__Work request__: Once the line holding "What's in the" is found, output it and all remaining lines of the data exactly, with every picture left out.

__Provided material__:
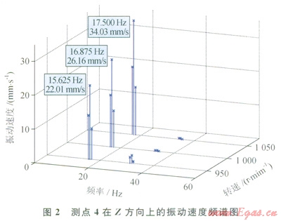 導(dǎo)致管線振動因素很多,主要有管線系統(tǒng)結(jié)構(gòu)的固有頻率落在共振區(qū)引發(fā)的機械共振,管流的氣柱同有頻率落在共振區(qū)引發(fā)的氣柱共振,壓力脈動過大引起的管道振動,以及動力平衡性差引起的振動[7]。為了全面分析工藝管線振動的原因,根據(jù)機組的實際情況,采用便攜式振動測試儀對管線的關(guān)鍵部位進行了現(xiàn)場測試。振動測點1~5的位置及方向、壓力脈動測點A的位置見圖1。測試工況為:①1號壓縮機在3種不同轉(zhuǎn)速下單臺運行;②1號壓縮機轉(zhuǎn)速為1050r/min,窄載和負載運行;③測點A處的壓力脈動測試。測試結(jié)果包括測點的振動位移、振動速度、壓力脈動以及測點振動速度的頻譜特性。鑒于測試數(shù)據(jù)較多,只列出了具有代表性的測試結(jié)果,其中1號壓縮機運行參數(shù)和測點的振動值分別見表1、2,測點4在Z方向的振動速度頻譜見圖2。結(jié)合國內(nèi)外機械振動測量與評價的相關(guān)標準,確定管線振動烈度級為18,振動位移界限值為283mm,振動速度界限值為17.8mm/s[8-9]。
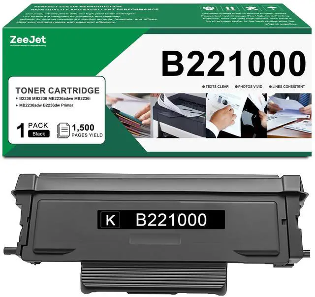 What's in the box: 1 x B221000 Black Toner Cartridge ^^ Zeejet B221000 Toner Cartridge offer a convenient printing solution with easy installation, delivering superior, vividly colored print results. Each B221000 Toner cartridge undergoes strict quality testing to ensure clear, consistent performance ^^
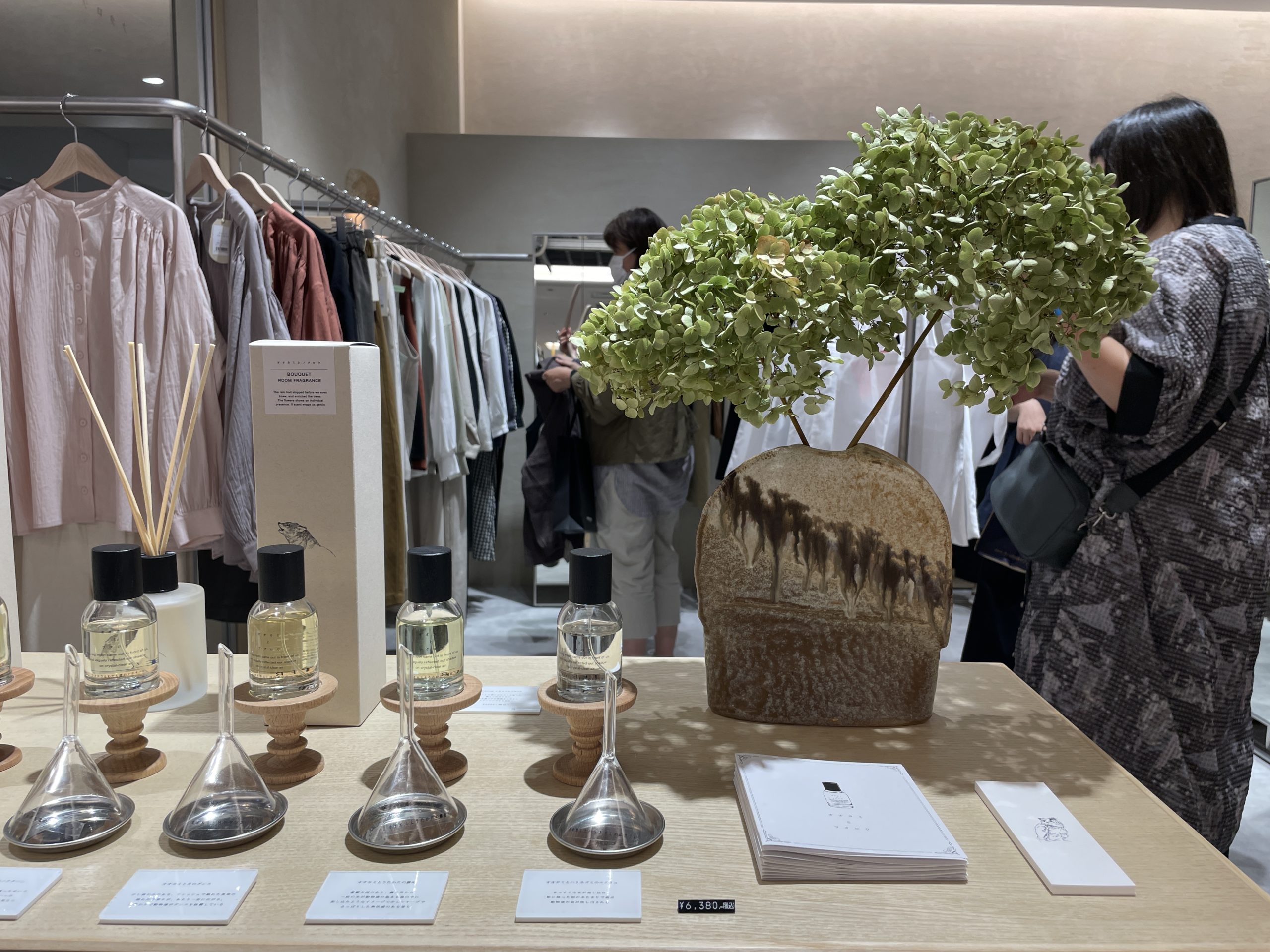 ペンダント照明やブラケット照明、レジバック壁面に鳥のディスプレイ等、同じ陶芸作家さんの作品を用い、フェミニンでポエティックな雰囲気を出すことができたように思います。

__Answer for the task__:
 What's in the box: 1 x B221000 Black Toner Cartridge ^^ Zeejet B221000 Toner Cartridge offer a convenient printing solution with easy installation, delivering superior, vividly colored print results. Each B221000 Toner cartridge undergoes strict quality testing to ensure clear, consistent performance ^^
 ペンダント照明やブラケット照明、レジバック壁面に鳥のディスプレイ等、同じ陶芸作家さんの作品を用い、フェミニンでポエティックな雰囲気を出すことができたように思います。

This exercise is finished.